When Scott Crowell started his competitive cycling career several years ago, he knew it would be a challenge to make it big in an intense aerobic sport while running into smoke-filled, burning buildings for a living.

Crowell was up to the challenge. The St. Petersburg firefighter has been winning by using his "on 24 hours, off 48 hours" work schedule to develop a training and racing program that emphasizes power and speed.

Last weekend, Crowell used his skills to survive tough competition and crashes in winning three bronze medals and one silver at the Firefighter's Olympics in Key Biscayne.

"The criterium was fun," Crowell said, referring to the circular race course. He talked during a lunch break this week at Engine Co. 5. "I broke away with Glen Perone, the national Clydesdale (division) champion. He knew I was a sprinter, and we made a pact _ I wouldn't sprint him. The whole way he kept asking me not to sprint at the end."

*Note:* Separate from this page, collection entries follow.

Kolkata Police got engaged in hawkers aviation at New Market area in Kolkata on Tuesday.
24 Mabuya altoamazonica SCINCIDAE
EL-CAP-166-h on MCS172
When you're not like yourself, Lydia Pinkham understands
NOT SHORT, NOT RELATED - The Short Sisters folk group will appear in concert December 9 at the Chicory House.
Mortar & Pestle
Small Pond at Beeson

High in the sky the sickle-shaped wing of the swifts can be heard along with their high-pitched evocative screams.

Saturday's road race saw Crowell get caught up in a crash at mile 3, forcing him to chase for 22 miles. "I caught a group containing third through seventh places, and won that sprint to get the bronze. All the hard work paid off."

A former center for Boca Ciega High's football team, Crowell began cycling to get in shape, and went from 270 pounds to a lean 195. His Treasure Island condo is decorated with a mixture of state championship medals, toy fire engines, and other firefighting memorabilia from travels with his wife, Candee.

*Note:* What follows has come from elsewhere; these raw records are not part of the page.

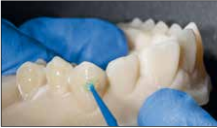
Preparation with standard etching and bonding protocol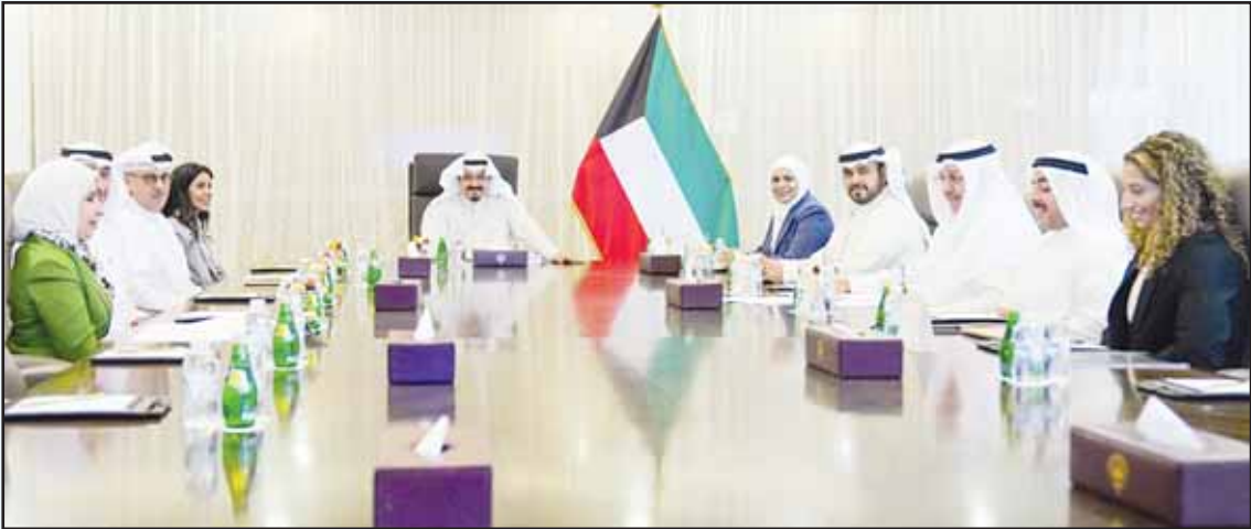
His Highness the Prime Minister Sheikh Ahmad Abdullah Al-Ahmad Al-Sabah discusses Kuwait-China agreements signed with China.

Scan the QR code to access the Arab Times WhatsApp Channel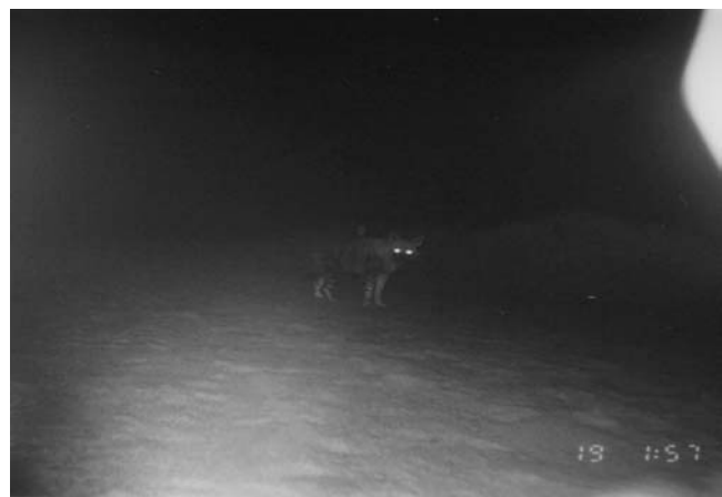
Brown hyena captured by the camera trap at Anigab.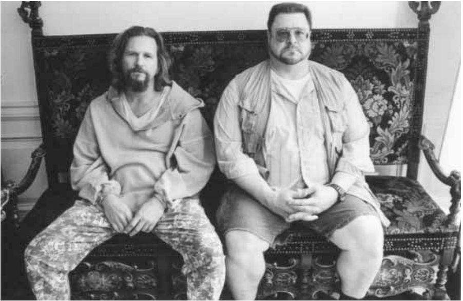
74. The Big Lebowski : A naïf sucked into a world of kidnapping, bowling, and impossible dreams come true. (Jeff Bridges, John Goodman)

ly shows that each exists in the other, like yin and yang, so that the criminal world is as comically normal as the normal world is comically outrageous.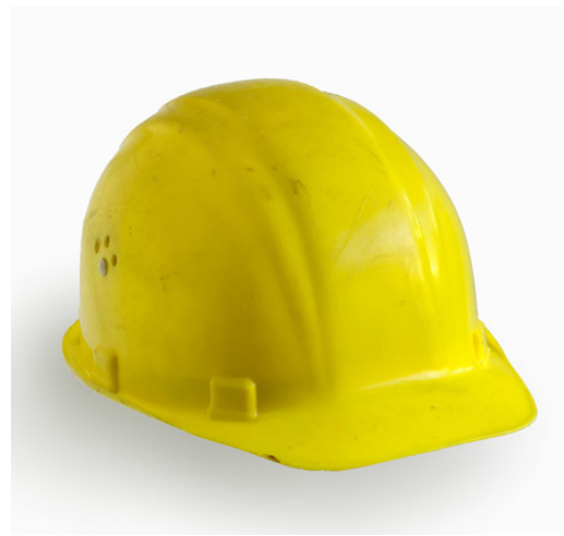
Hard hat for protection against police truncheons, around 1968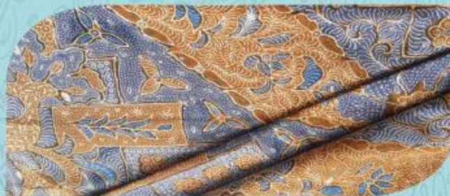
Batik Solo, Surakarta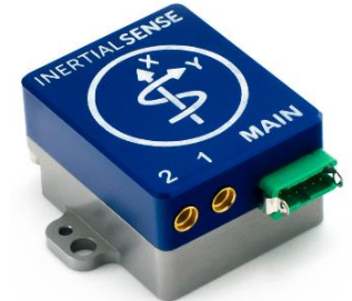
RUG-INS-5-RTK/Dual Size: 25.4 x 25.4 x 20.0 mm Weight: 14 g GNSS: Multi-Band L1/L2/E5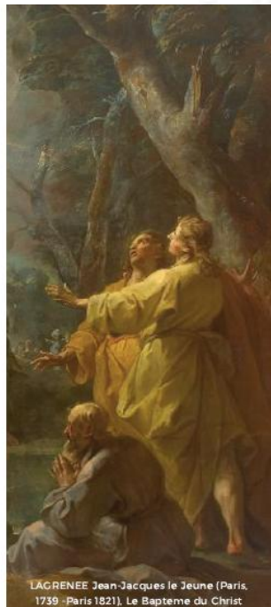
LACRENEE Jean-Jacques le Jeune (Paris, 1739 - Paris 1821), Le Baptême du Christ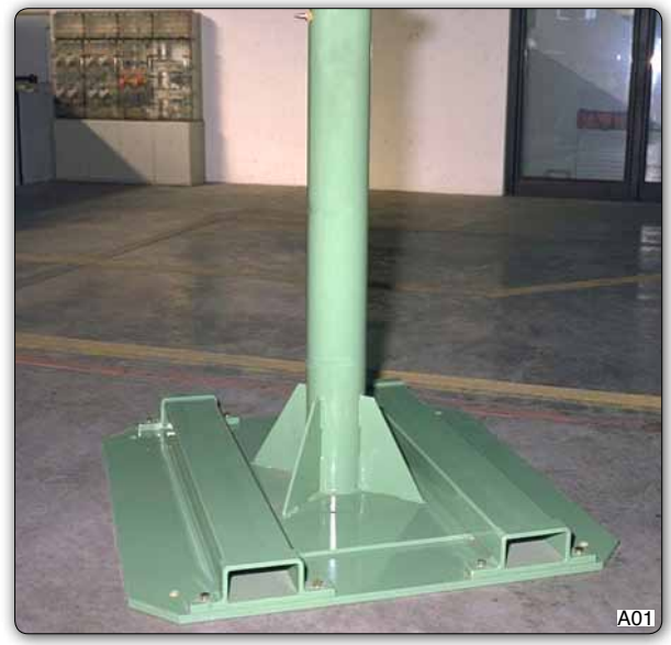
Portable baseplate for forklift truck.

"The job is different," Crowell said. "You could be working out in the weight room or riding the rollers, and the bell goes off. You just drop everything and you go."

Engine Co. 5 is the most physically fit in the department, according to Crowell. "My shaved legs are the joke of the station. They give me a hard time, but, really, they're so supportive, always posting my racing results on the board. And the other shifts do a lot of swap time with me, enabling me to race. I couldn't get to the races without these guys."

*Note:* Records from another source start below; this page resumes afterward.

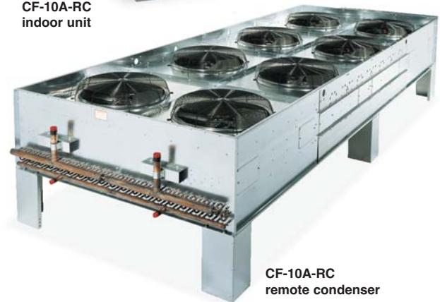
CF-10A-RC remote condenser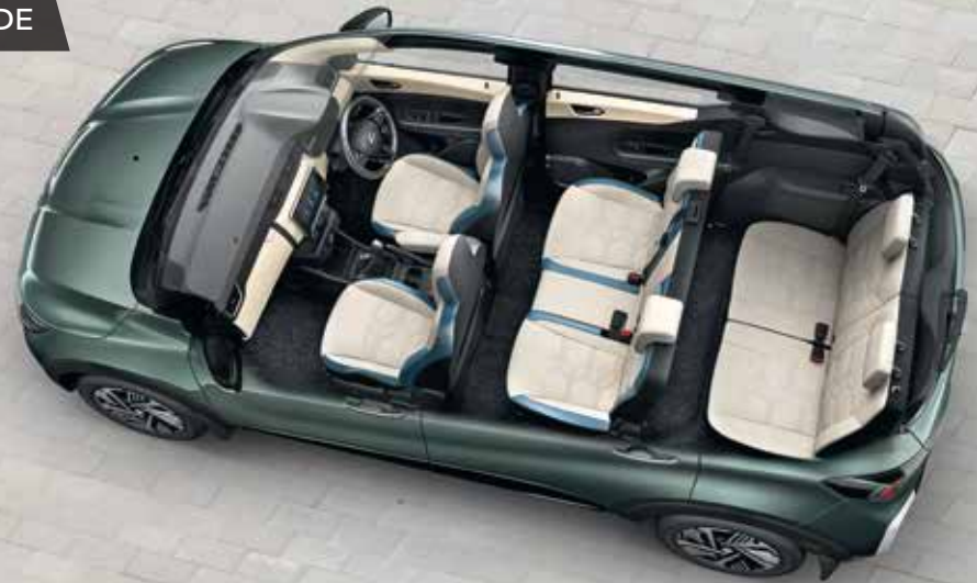
7-Seat configuration for comfortable long journeys.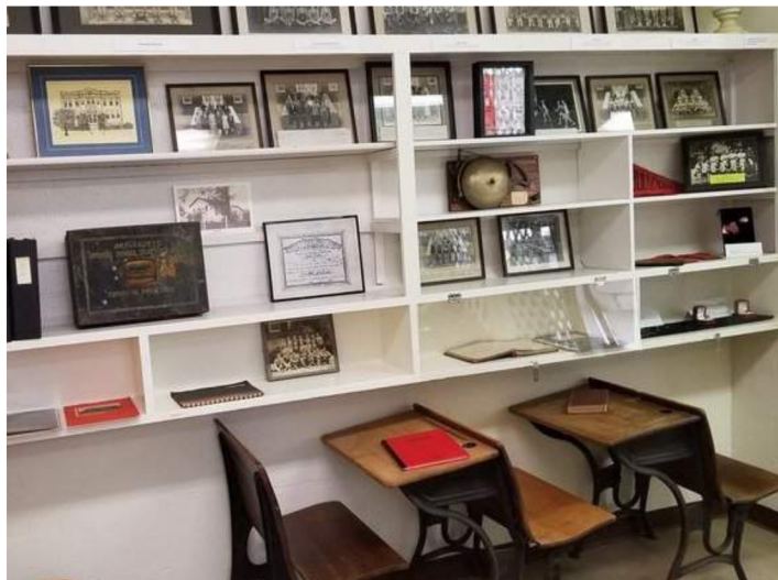
Terrace Park School Memorabilia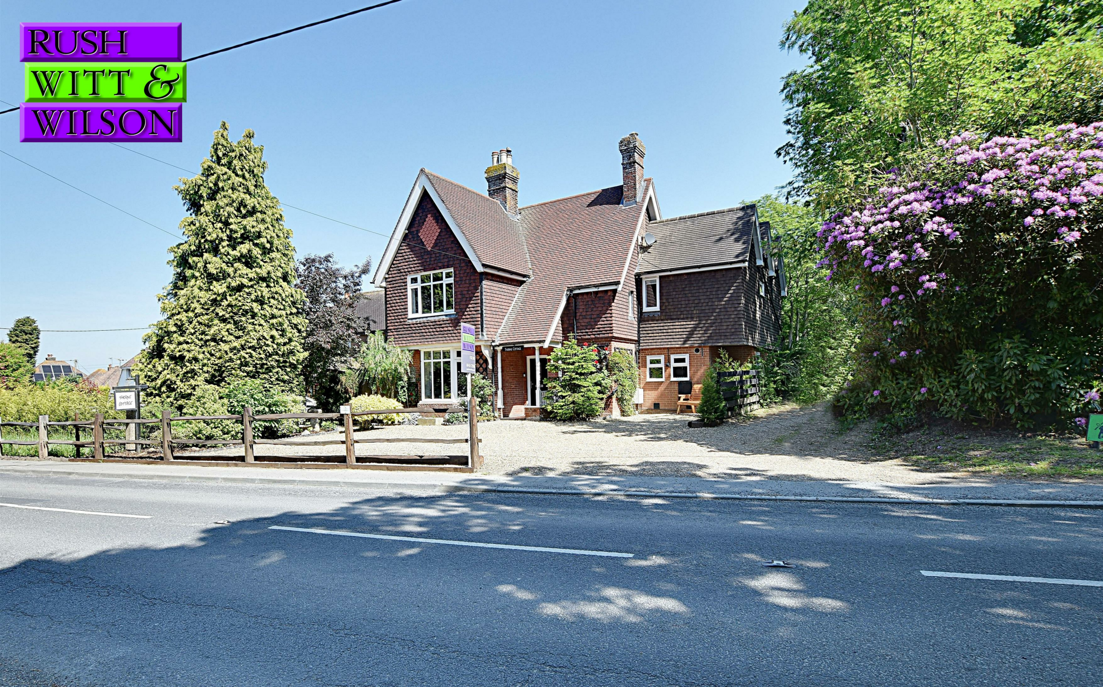
Thorne Cottage Ninfield Road, Bexhill-On-Sea, East Sussex TN39 5JJ £620,000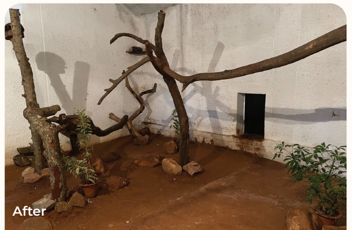
Common Palm Civet Enclosure

When Crowell is on the schedule to cook, his fellow firefighters are treated to a healthy meal, such as vegetarian lasagna. "Yes, they do tease me about my cycling diet," said Crowell, who turns 30 next week. "One time the guys put tree bark in a bowl. I take a lot of ribbing, but they're always there for me."

Crowell's engine company gets 40 calls daily, among the two engines, two rescue trucks and the ladder truck. A member of the HAZMAT team (hazardous materials), Crowell goes out on calls dealing with fires, potential explosions and fuel spills.

"I think it's a good job, and I've been careful these past eight years," Crowell said. "I always try to wear my mask, and if I inhale any smoke, believe me, I know it the next day. I'll be coughing up smoke on the training ride."

Annual physical examinations and other tests keep St. Petersburg firefighters fit and healthy, Crowell said. "They give us step tests, flexibility testing, and monitor us pretty well."

Using his monthlong accumulated vacation time, Crowell will leave July 10 for Colorado Springs, Colo., and the United States Cycling Federation National Track Championships, where he hopes to make the top five in the sprints and kilometer race. Two weeks later, the World Police and Fire Games will be held in the Colorado Springs velodrome.

Crowell won bronze medals in the sprints and kilometer at the Florida State Track Championships in Broward County last month.

"Scott is dedicated, and spends lots of time and money on his cycling," said Lt. Don Masters, his boss. "You know, it's funny how competitive firemen are. There's no question _ just come outside the firehouse after 5 tonight and watch the basketball game outside. It's very competitive. I don't know why that is."